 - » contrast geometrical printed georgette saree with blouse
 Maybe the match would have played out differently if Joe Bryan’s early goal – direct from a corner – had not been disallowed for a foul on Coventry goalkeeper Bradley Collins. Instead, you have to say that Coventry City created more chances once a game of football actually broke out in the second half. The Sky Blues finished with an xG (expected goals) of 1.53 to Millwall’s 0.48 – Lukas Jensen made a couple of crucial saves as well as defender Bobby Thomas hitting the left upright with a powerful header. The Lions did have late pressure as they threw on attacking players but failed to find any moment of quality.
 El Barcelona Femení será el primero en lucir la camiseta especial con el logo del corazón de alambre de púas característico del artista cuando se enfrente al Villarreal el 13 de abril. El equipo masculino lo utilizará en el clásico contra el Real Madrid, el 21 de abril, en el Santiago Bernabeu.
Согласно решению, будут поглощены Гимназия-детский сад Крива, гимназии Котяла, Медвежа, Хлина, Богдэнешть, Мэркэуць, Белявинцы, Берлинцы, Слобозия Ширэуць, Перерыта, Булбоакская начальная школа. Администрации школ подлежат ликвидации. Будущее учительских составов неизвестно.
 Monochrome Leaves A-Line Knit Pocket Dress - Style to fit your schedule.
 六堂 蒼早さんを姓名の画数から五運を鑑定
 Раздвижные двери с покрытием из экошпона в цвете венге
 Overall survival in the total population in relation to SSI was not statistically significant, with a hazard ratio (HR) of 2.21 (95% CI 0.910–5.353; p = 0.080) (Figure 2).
--
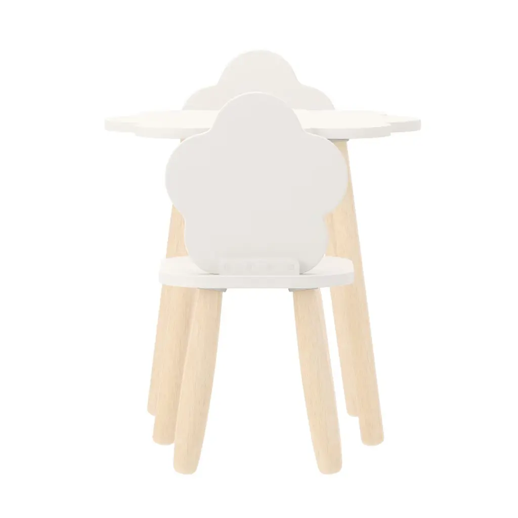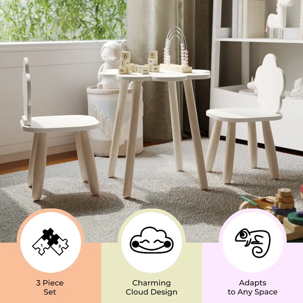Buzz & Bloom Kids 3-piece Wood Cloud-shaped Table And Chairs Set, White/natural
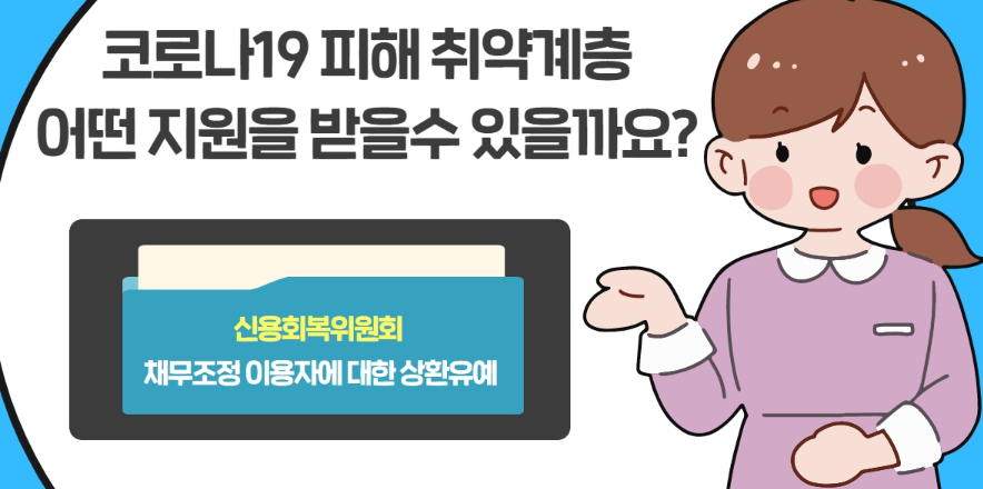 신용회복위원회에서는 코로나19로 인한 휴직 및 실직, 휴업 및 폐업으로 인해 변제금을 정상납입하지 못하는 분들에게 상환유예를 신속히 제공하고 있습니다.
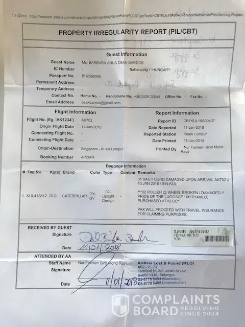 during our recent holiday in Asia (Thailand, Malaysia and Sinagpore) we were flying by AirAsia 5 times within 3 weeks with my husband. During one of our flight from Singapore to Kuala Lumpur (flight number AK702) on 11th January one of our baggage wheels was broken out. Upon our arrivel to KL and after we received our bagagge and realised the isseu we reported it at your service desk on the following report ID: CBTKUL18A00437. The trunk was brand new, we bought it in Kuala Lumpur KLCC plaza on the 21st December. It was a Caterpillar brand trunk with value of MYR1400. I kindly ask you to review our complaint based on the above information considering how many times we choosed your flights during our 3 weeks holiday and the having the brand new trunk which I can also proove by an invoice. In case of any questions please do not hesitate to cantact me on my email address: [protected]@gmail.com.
---
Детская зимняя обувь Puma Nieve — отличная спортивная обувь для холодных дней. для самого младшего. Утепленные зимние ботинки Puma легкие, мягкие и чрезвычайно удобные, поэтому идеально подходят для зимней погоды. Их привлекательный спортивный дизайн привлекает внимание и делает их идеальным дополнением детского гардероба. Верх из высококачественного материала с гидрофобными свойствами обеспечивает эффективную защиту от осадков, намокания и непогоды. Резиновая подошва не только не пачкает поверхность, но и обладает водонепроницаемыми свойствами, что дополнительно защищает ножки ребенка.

• [Exercise directions]:
Reproduce, exactly as they stand in the data above, the lines from the one that holds "saree with blouse" to the one that holds "El Barcelona Femení", inclusive.

• [Worked solution]:
 - » contrast geometrical printed georgette saree with blouse
 Maybe the match would have played out differently if Joe Bryan’s early goal – direct from a corner – had not been disallowed for a foul on Coventry goalkeeper Bradley Collins. Instead, you have to say that Coventry City created more chances once a game of football actually broke out in the second half. The Sky Blues finished with an xG (expected goals) of 1.53 to Millwall’s 0.48 – Lukas Jensen made a couple of crucial saves as well as defender Bobby Thomas hitting the left upright with a powerful header. The Lions did have late pressure as they threw on attacking players but failed to find any moment of quality.
 El Barcelona Femení será el primero en lucir la camiseta especial con el logo del corazón de alambre de púas característico del artista cuando se enfrente al Villarreal el 13 de abril. El equipo masculino lo utilizará en el clásico contra el Real Madrid, el 21 de abril, en el Santiago Bernabeu.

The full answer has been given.